Global Palestine: Frontier Geographies of a Region in Flux

Tampere University
Environmental Policy and Regional Studies
Duration of project1.9.2025–31.8.2029

The magnitude of recent destructive events in Palestine has rapidly destabilized the Middle East region and the global liberal order of power. The war on Gaza has spread to several Middle Eastern countries – Lebanon, Syria, Yemen, Iraq, and Iran – and has undermined the legitimacy of international courts, the rule-based international system, and freedoms of speech and assembly in many Western liberal democracies. This project examines these global and regional proliferations of Palestine through their 'frontiering'. It explores how various global and regional relations have intensified at the settler colonial frontier in Palestine, while also demonstrating how Palestine, as a space of heightened securitization, militarization, environmental violence, and circulation of technological innovations, creates and intensifies frontiers elsewhere.

Empirically, the project focuses on three key frontiers of making the ‘global Palestine’: innovation capital, destabilization of democracy, and ecologies of security and militarization. It investigates their global journeys through concrete processes and frictions emerging on the ground, demonstrating the close entanglement of innovation capital with colonial frontier expansions, the destabilization of democracy with tactics of the messianic far-right, and the widespread environmental damage with distribution of security and military technologies. Methodologically, the GLOPAL project develops frontier-making as an approach capable of grasping complex globally related phenomena with a multi-sited research methodology that goes beyond metaphoric analyses of frontier expansion, one-directional core-periphery models of colonial subjugation, and linearly traveling theories. Conceptually, the notion of the frontier is developed to offer a ‘milieu concept’ suitable for approaching various related events and sites as they unfold at the thresholds (territorial/relational, global/local, unbounded/earth-bound, connected/disrupted, fluid/friction, etc.) present in landscapes of frontiermaking. 

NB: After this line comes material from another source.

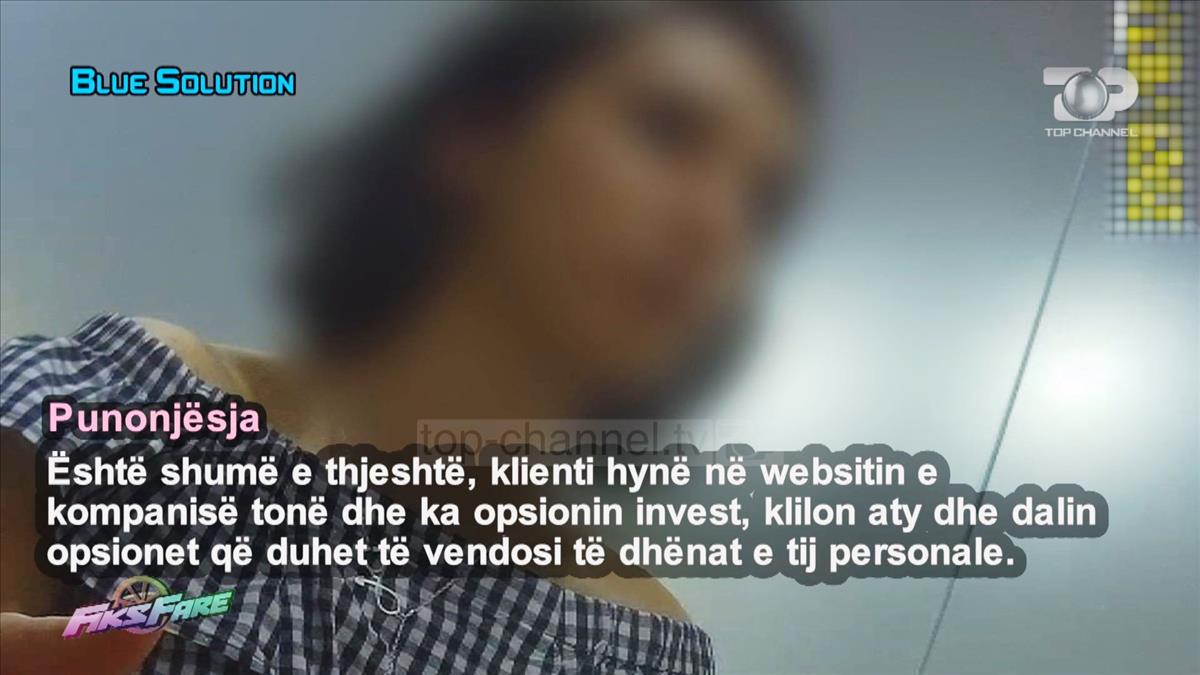 Kompania tjetër ku gazetarja e Fiksit u paraqit është Blue Solution. Edhe kjo kompani operon në fushën e investimeve online në bursë me investime në euro, dollarë, në kriptomonedha, bitcoine, flori në çdo gjë të mundëshme. Në këtë call center punohet në disa gjuhë si spanjisht, italisht, anglisht dhe gjermanisht me kapacitet punonjësish diku tek 20 persona. Punonjësja i shpjegon gazetares se detyra e saj do jetë të bindi klientin që të zgjedhi platformën e tyre dhe jo platformat e tjera. Depozita e parë që quhet FTD minimumi që mund të investojë një klient është 250 euro, maksimum nuk ka. ” Janë mashtrime! Thjeshtë klienti duhet të depozitojë, por për të fituar nuk fiton asnjëherë” tekson punonësja. Më pas ajo i shpjegon gazetares se e rëndësishme është të bëj sa me shumë FTD. Rroga bazë në këtë call center është 400 euro neto, dhe nga një deri në 3 kontrata në muaj paguhet 40 euro ekstra secila prej tyre. Nëse arritet që brenda muajit të bëhen 10 FTD atëherë ato paguhen 100 euro secila.

Altogether, the project offers a novel approach for thinking political geographies on a planet divided by present colonialities, connecting various sites around the world while critically elaborating on existing geopolitical trends and their entanglement with the economy, environment, democracy, and conflicts.

Funding

Research Council of Finland

GOCEP Research Group

The Geographies of Coloniality and Everyday Violence Research Group (GOCEP) studies various forms of everyday violence, especially in relation to colonial histories and the prevalence of coloniality in various sites of political and societal crises.